Hebe turned to brother Dug reproachfully.
“You’ve been cautioned enough not to call him Larry,” she told him.
Brother Dug was not at all cast down.
“All right, Larry,” he replied with a humorous smirk as he patted Mr. Lamb’s already flayed back. “I’ll not call you Larry.”
Thomas and Hebe seized Mr. Lamb’s arms and clung to them. For a moment he stood there rigid and straining like a statue of Prometheus chained, then he allowed himself to be placed in a chair and supplied with a fresh highball.
Meanwhile Douglas Blumby had drifted away on some merry quest. His booming voice could be heard in the hallway discussing with Gray and Sapho the part that he would play in the Vacation Fund affair.
“Why do you let him live here, father?” asked Hebe.
“God knows, young one,” he replied. “Perhaps it’s fear of your mother or my final loyalty to her. Another thing, I have a certain duty to society. Bad as I am I could never inflict that ninny on the world. We must keep our troubles in the family.”
It was hardly a propitious moment for the entrance of Mr. Melville Long, yet in that young gentleman came without a care in the world, assured of a warm, if not enthusiastic, reception. Mr. Lamb, gazing at him with lowering brows, recognized the youth he had so disastrously attempted to imitate.
“This is Mel Long,” said Hebe. “He wolfs with us tonight, major.”
“I know your father,” said Lamb, extending a limp hand. “He works.”
“A father’s privilege,” replied Mr. Long blithely. “I often thank God he does. If he didn’t I don’t know how we’d ever get along.”
“You rejoice in your non-productiveness, young man,” observed Lamb.
“I’m not so unproductive,” the youth replied. “This morning I helped a famous dipsomaniac to regain a part of his health by playing him eighteen holes of golf. This afternoon I made a sketch of mother that made the old dear feel fifteen years younger. I’ll get a new car for that. And tonight — well, here I am.”

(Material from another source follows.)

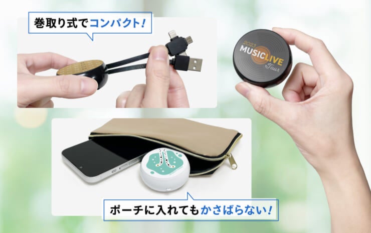 イベントのロゴをプリントして、限定グッズを制作していただくのもおすすめ。また、コンパクトなオリジナルUSBケーブルは物販スペースを圧迫しないほか、会場に運んだり陳列したりする手間が軽減できます。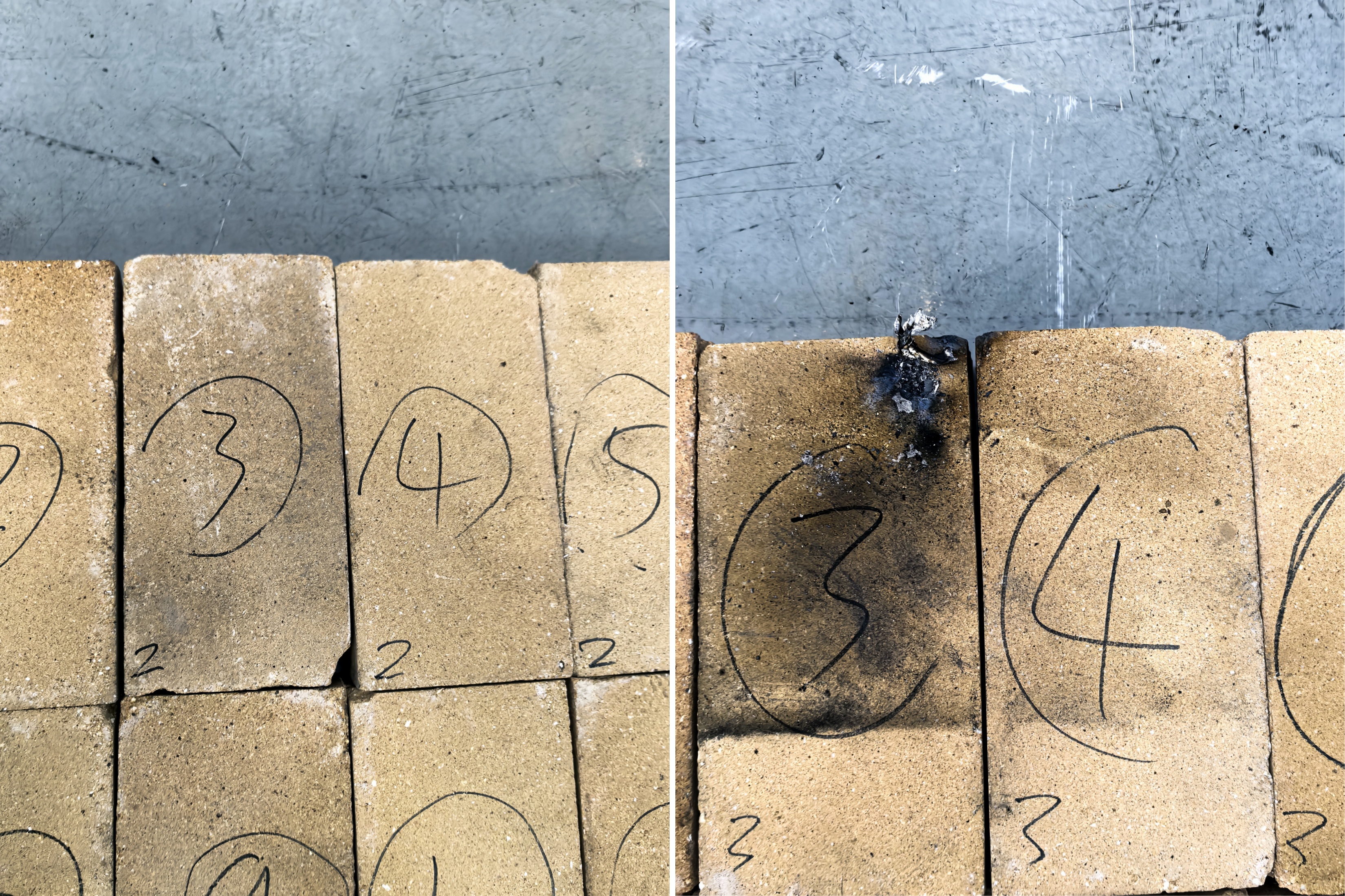 观察实验结果可以发现,无论是手机电池还是碱性电池,其热失控的剧烈程度均不足以破坏防火砖的整体结构,假如要探寻防火砖的安全下限或许需要更大容量或更高能量密度的锂电池进行测试。

“And I suppose you’re going to stay,” said Mr. Lamb rather cheerlessly.
“Until the crack o’ dawn,” Long replied with a happy smile. “Golfing makes one hungry.”
Mr. Lamb rose wearily from his chair, placed his half-empty glass on the buffet and walked to the door.
“Well,” he said, “if you’ve settled that, I suppose nothing I can say would induce you to alter your plans. At your age I didn’t drink — much.” He turned to his daughter and continued: “Hebe you do the strangest things. Don’t drop the decanter when pouring. And don’t wear it out.”
With that he left the room. After dinner he retired to his study, where he sat doing nothing, absolutely nothing. Once he walked out on his little private veranda and considered the world at large, after which he returned to his chair where he continued to do nothing.
The next day he broke an inflexible rule and journeyed to the city. It was Saturday. There was no sense to it, yet he went just the same.
As he made for a seat in the train, a slim figure almost tripped him up in its eagerness to crowd past him.
“We shall sit together,” breathed the figure. “You and I on a single seat — alone!”
“With the exception of five or six hundred human souls,” observed Mr. Lamb, “we are quite alone.”
“This is merely the beginning,” replied Sandra.
“It is a short trip and I usually read right up to the end of it. That has been my rule for years,” said Lamb.
“But now that you’ve come to know me so well,” the young lady continued, “you will have to make a new set of rules.”
Mr. Lamb regarded her with a pained expression.